◆ What the task asks
Please transcribe the data below in full, word for word, without the images.

◆ Collected data
* * *
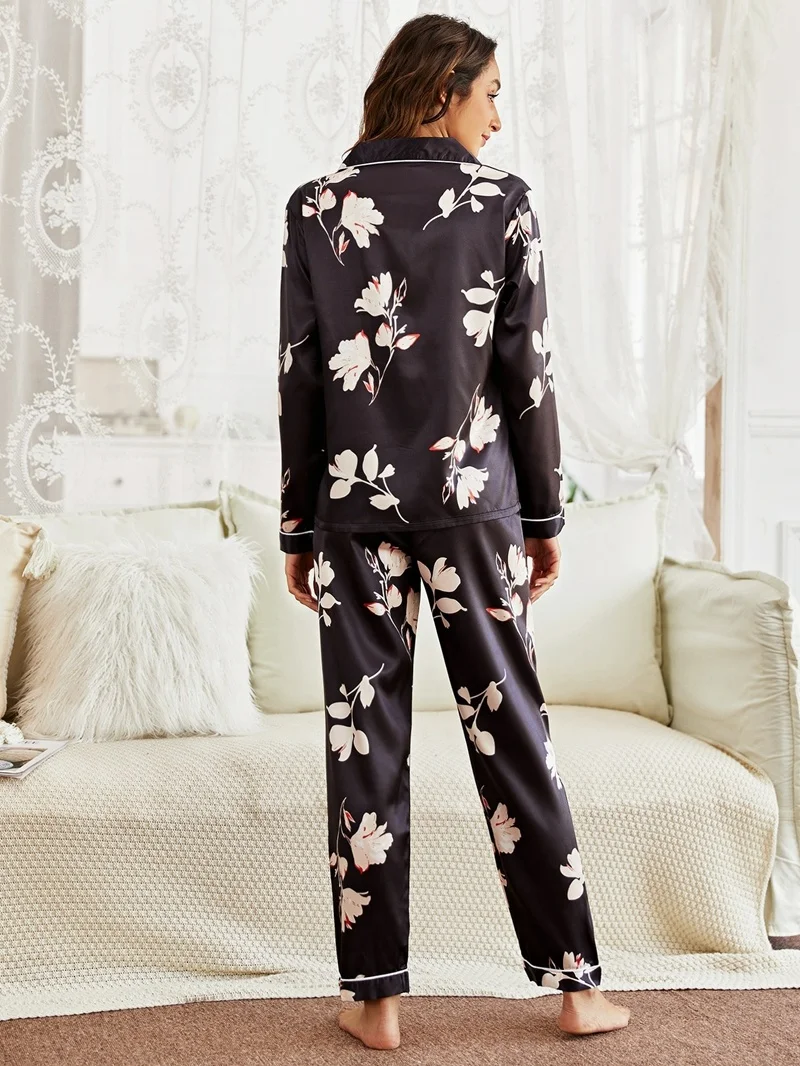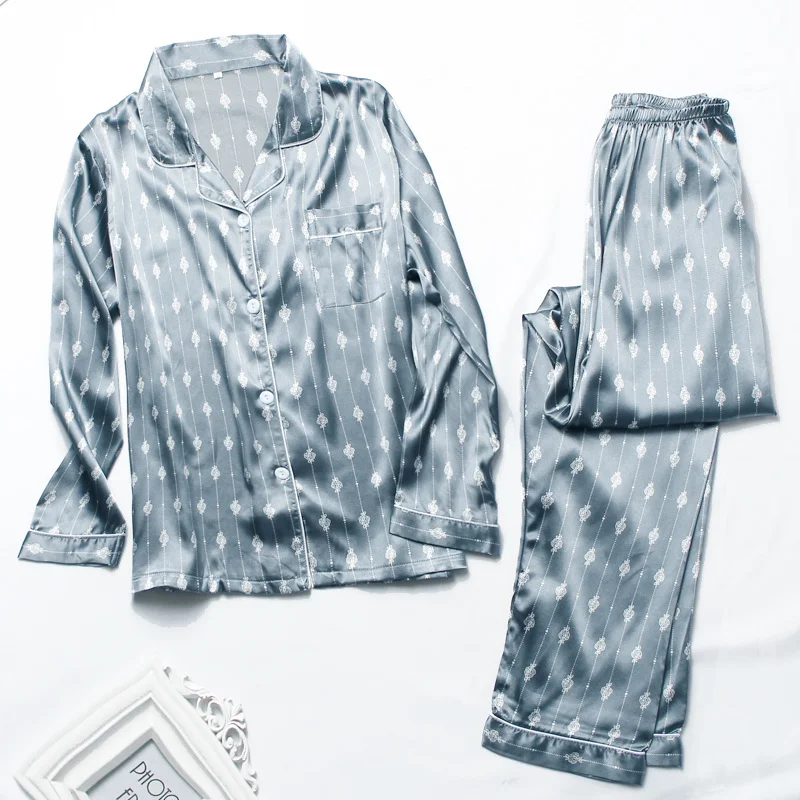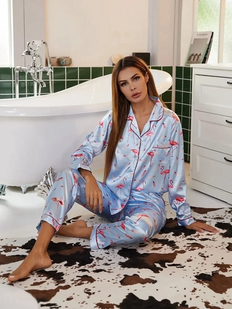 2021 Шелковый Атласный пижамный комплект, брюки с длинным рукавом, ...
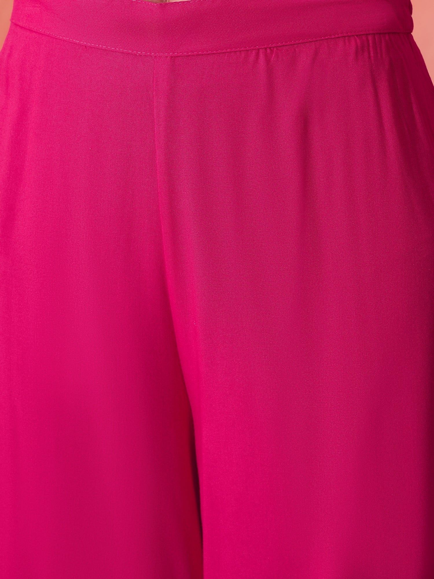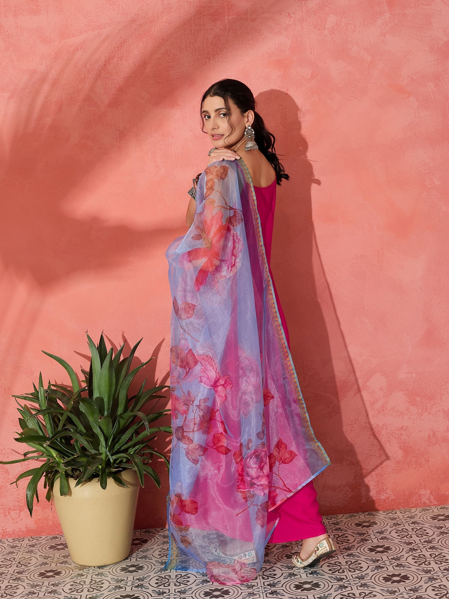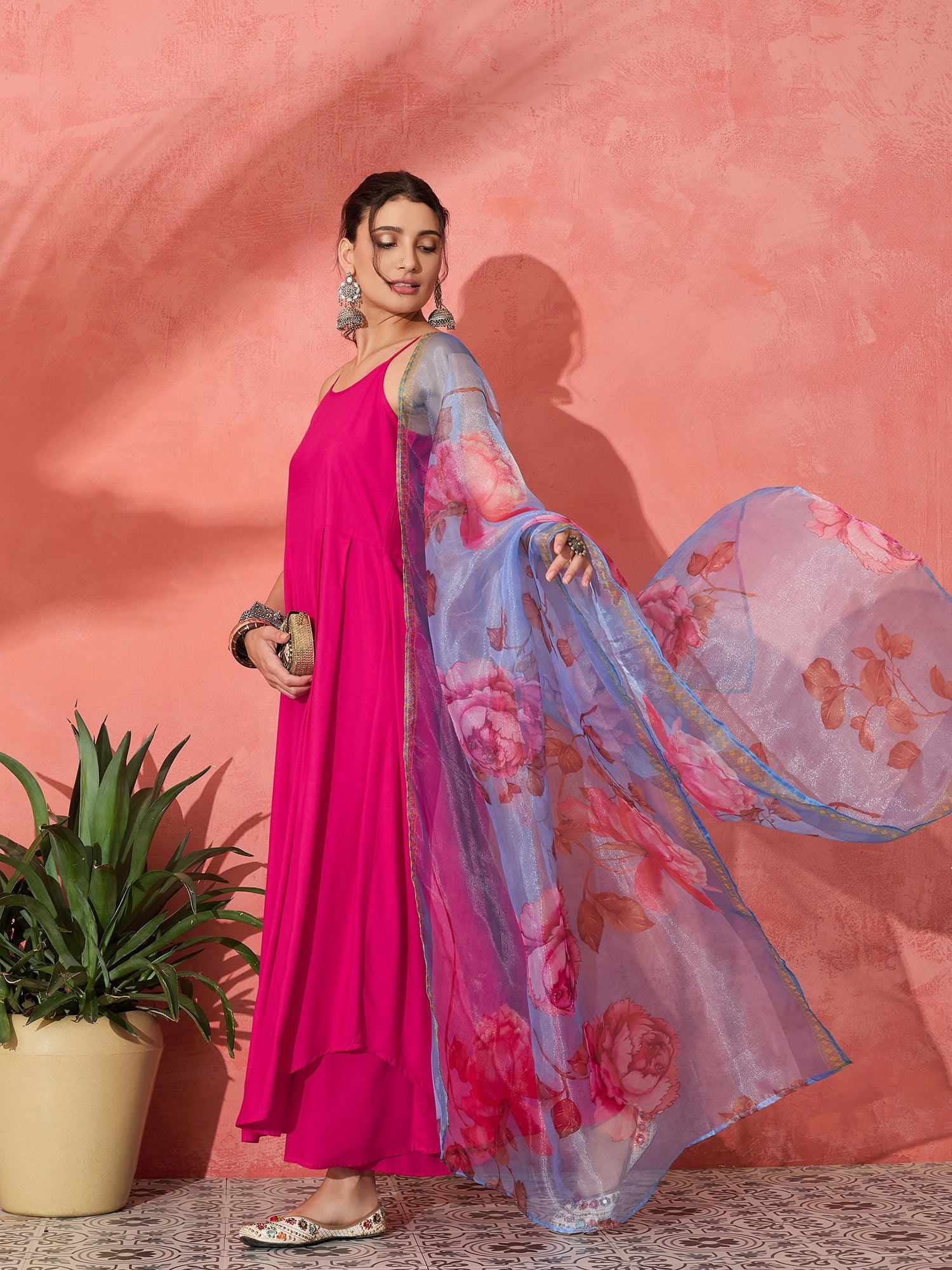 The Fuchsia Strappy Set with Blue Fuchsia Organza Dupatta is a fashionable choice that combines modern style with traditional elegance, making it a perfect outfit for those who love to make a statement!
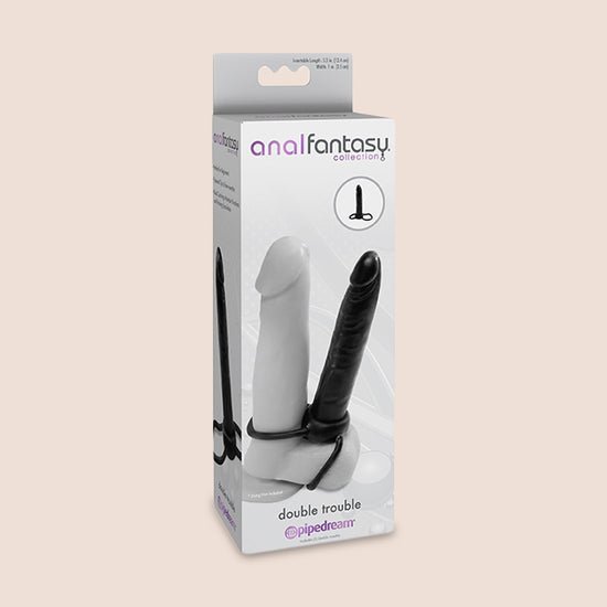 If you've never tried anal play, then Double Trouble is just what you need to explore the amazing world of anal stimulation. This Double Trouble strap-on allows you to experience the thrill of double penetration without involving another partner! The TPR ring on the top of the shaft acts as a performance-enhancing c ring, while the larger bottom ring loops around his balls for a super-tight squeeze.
* * *
◆ Exercise response
 2021 Шелковый Атласный пижамный комплект, брюки с длинным рукавом, ...
 The Fuchsia Strappy Set with Blue Fuchsia Organza Dupatta is a fashionable choice that combines modern style with traditional elegance, making it a perfect outfit for those who love to make a statement!
 If you've never tried anal play, then Double Trouble is just what you need to explore the amazing world of anal stimulation. This Double Trouble strap-on allows you to experience the thrill of double penetration without involving another partner! The TPR ring on the top of the shaft acts as a performance-enhancing c ring, while the larger bottom ring loops around his balls for a super-tight squeeze.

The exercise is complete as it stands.